Calculates ordinal scale scores from interval or ordinal scale variables.
Scores are calculated for each case involved in analysis and they
measure the relative position of the case within the set of cases.
The scores, optionally with other user-specified variables, are output
in the form of an IDAMS dataset. Pearsonian correlation
(PEARSON). Calculates Pearson's r correlation coefficients, covariances,
and regression coefficients. Pairwise or casewise deletion of missing
data can be requested. Output correlation and covariance matrices
can be saved in a file. Rank-ordering of alternatives
(RANK). Determines a reasonable rank-order of alternatives using preference
data and three different ranking procedures, one based on classical
logic and two others based on fuzzy logic. Preference data can represent
either a selection or ranking of alternatives. Two types of individual
preference relations can be specified: weak and strict. With fuzzy
ranking, the data completely determine the results obtained whereas
with classical ranking the user has the possibility of controlling
the calculations. Scatter diagrams (SCAT). Scatter diagrams,
univariate statistics (mean, standard deviation and N) and bivariate
statistics (Pearson's r and regression statistics: coefficient B and
constant A). Searching for structure (SEARCH). A binary
segmentation procedure to develop predictive models. The question
"what dichotomous split on which predictor variable will give the
maximum improvement in the ability to predict values of the dependent
variable" embedded in an iterative scheme, is the basis of the algorithm
used. Univariate and bivariate tables (TABLES). Options
include: (1) univariate simple and cumulative frequency and percentage
distributions; (2) univariate statistics: mean, median, mode, variance,
standard deviation, skewness, kurtosis, minimum, maximum; (3) bivariate
frequency tables with row, column and total percentages; (4) tables
of mean values of an additional variable; (5) bivariate statistics:
t-test of means between pairs of rows, Chi-square, contingency coefficient,
Cramer's V, Kendall's Taus, Gamma, Lambdas, Spearman rho, a number
of statistics for Evidence Based Medicine, and 3 non-parametric tests:
Wilcoxon, Mann-Whitney and Fisher. Typology and ascending classification
(TYPOL). Creates a typology variable as a summary of a large number
of variables both quantitative and qualitative. The user chooses the
initial and final number of groups, the type of distance used, and
the way the initial typology is started. The groups of initial typology
are stabilized using an iterative procedure. The number of groups
can be reduced using an algorithm of hierarchical ascending classification.

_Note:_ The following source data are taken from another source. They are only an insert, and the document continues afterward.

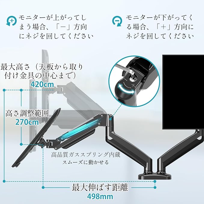 【多角度調整】チルト(上下傾き):上90 /下90 。パン(左右首振り):左90 /右90 。ピボット機能:回転360 。高品質ガススプリング内蔵、より柔軟にモニターの角度を変更できます。回転機能も搭載されたし、画面の横縦の切り替えが手軽に行ないます。
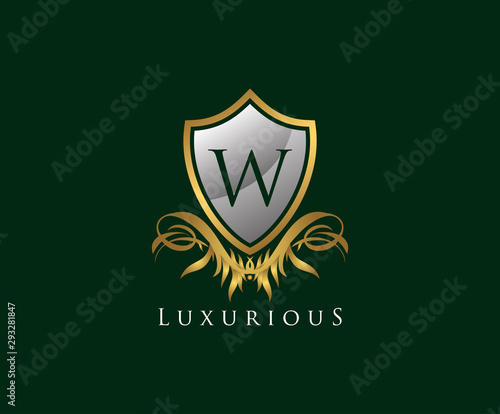 Obraz premium Classy Shield W Letter Logo. Gold Vintage Shield With W Letter prefect for...
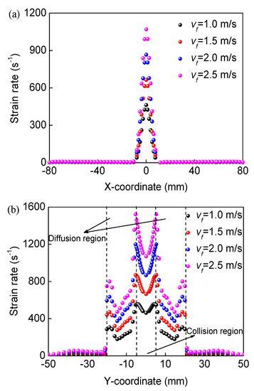 Strain rate distributions of the CFPCD at various lines: (a) line (Y = 0 mm, Z = 0 mm) and (b) line (X = 0 mm, Z = 0 mm).

A distinction can be made between active variables which participate
in the construction of typology, and passive variables, for which
main statistics are calculated within the groups of the typology.
Interactive multidimensional tables . This component allows
to visualize and customize multidimensional tables with frequencies,
row, column and total percentages, summary statistics (sum, count,
mean, maximum, minimum, variance, standard deviation) of additional
variables, and bivariate statistics. Up to seven variables can be
nested in rows or in columns. Construction of a table can be repeated
for each value of up to three "page" variables. The tables can also
be printed, or exported in free format (comma or tabulation character
delimited) or in HTML format. Interactive graphical exploration
of data. A separate component, GraphID, is available for exploring
data through graphic displays. The basic display is in the form of
multiple scatterplots for different pairs of variables. Additional
information such as histograms and regression lines may be displayed
on each plot. The plots may be manipulated in various ways. For example,
selected cases can be marked in one plot and then highlighted in all
the other plots. Parts of the display may be enlarged ("zoomed").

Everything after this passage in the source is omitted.